Я напряженно размышляла. Конечно, будь у меня возможность спрятаться в женской академии магии, все было бы гораздо проще. Но, к сожалению, в Эггерионе учиться в университетах и прочих академиях могут только мужчины. Женщинам же уготована судьба хранительниц очага, и образование, по мнению большинства, нам ни к чему. Так что и выбора, где прятаться, у меня особо не было. Генри прав. Когда этот мистер Фиггинс поймет, что все денежки, поместья и земли, уже было оказавшиеся в его руках, могут так же быстро из них выскользнуть, он не поскупится и пустит по моему следу магов. И если я не спрячусь в академии, то найдут меня быстро.
— Я согласна, — самоотверженно заявила я. Если правда откроется, то моя репутация будет разрушена, и ни один приличный человек не станет со мной даже здороваться. А если я не решусь эту авантюру, то скоро стану миссис Фиггинс — и тогда даже все приличные люди мира, здоровающиеся со мной с утра до вечера, будут слабым утешением. Однако, подняв глаза на Генри, вместо восхищения моим мужеством я заметила в его взгляде скепсис.
— Все же ты не очень похожа на парня, — заявил он голосом нашей учительницы рукоделия, которой пытаются сдать вышивку с торчащими нитками. — Попрошу-ка я, чтобы тебе сделали иностранный паспорт. Будешь лотариндцем! Всем известно, что мы, эггерионцы — смелые и статные, а они — тощие и хилые, только и горазды скакать на балах и распевать романсы. Так что не забудь про акцент.
Я подумала, что лотариндцы, наверное, думают то же самое о нас — не то, что мы скачем на балах и поем романсы, а то, что мы хилые, а они статные, и бросила на Генри укоризненный взгляд. Однако тот уже вбил себе в голову, что я буду убедительнее смотреться в роли ученика-иностранца. Вздохнув, я решила ему не перечить. Мадам Фоббс учила нас: если мужчина твердо что-то решил, то лучше с ним соглашаться.
— Хорошо, пусть будет иностранный паспорт, — кротко отозвалась я. — Только вот акцента от меня не требуй, я тут же собьюсь! Лучше буду ассимилировавшим иностранцем, который прожил в Эггерионе много лет, но вкусил недостаточно овсянки, чтобы похвастаться впечатляющим ростом.
— Отлично! — хлопнув в ладоши, объявил Генри. — Тогда будь готова через три дня, я явлюсь тебя похищать.
Похищение случается в жизни не каждый день, поэтому к нему следует тщательно подготовиться. Особы романтические собрали бы полный чемодан нарядов, чтобы томно возлежать в них на подушках в плену у похитителей, пока те не влюбятся. Особы практичные приготовили бы шпильки для взлома замков, веревку для побега из окна и прочие полезные вещи. Я же поступила по-другому.
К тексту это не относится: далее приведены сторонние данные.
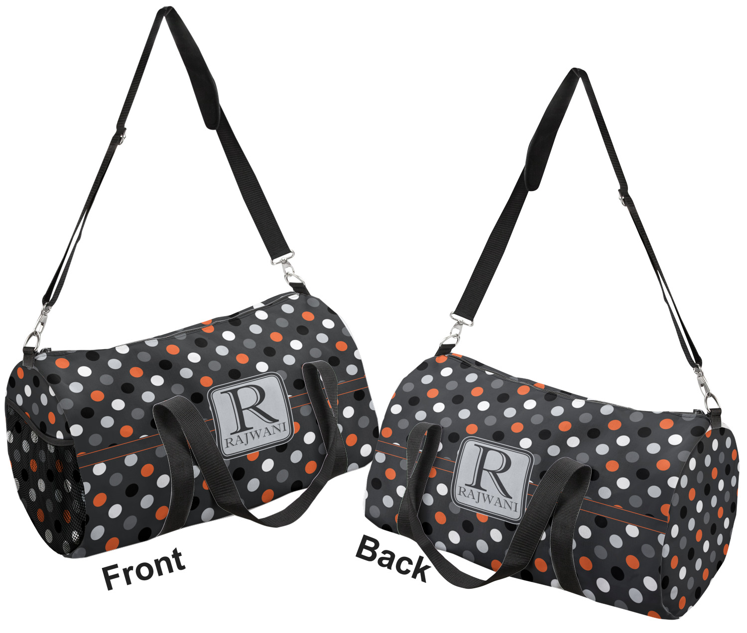This duffle is a sturdy bag made of a canvas material. It comes in two sizes: Small (19"W x 9.5"H x 9.5"D) and Large (23"W x 12"H x 12"D). The bag is a cylindrical shape with a black adjustable strap and two handles. On one side is an elastic pouch to put a waterbottle or other small item. Your product will be sublimated with your design and is able to be designed on the front, back, and sides. Be sure to remember that the straps may cut into parts of your design if you upload your own artwork.

Во-первых, я тщательно изорвала все свои письма, а потом сожгла их огненным заклинанием. Огненная стихия начала откликаться мне несколько лет назад, и, хотя в пансионе нас толком не учили, что-то я все же умела. Например, создать небольшой шарик и сжечь письма, не спалив при этом полпансиона.
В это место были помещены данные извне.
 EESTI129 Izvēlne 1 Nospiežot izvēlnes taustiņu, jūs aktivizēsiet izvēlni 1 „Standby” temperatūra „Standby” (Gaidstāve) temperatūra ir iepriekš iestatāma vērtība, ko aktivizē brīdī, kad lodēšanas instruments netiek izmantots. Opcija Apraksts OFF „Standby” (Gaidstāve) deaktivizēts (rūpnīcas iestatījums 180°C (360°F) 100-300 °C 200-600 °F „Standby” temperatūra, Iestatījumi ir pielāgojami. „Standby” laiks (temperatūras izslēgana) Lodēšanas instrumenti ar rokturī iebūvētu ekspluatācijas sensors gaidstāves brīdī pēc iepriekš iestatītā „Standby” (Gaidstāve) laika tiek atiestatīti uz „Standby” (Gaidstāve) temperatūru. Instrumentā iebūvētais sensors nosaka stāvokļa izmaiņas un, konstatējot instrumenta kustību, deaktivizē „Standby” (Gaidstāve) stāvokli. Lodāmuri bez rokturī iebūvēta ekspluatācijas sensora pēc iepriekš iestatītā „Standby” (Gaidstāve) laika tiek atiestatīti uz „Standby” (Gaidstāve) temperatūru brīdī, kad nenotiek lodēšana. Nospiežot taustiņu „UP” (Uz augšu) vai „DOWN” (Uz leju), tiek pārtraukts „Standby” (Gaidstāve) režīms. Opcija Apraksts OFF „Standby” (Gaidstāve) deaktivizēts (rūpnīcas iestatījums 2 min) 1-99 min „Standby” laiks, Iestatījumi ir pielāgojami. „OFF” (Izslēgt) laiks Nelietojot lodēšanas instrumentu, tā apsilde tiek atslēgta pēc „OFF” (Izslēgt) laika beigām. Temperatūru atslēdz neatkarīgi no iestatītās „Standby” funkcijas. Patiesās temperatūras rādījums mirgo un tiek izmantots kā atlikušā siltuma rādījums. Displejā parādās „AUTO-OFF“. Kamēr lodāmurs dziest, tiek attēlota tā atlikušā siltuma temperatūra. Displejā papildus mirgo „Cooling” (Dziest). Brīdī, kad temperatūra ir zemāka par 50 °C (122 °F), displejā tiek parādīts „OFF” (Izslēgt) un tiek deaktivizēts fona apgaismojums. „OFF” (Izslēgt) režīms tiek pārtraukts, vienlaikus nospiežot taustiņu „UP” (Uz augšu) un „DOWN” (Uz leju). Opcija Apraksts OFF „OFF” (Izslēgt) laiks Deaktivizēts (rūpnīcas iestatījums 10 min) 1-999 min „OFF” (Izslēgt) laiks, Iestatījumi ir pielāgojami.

Затем я собрала все свои вещи в чемодан и попросила пробегавшего по коридору слугу отнести их ко входу, сопроводив просьбу монеткой. Убедившись, что комната девственно чиста, и нигде не завалялось ни расчески с волосами, по которым легко найти человека, ни незамеченных вещей, я вышла и направилась в кабинет директрисы.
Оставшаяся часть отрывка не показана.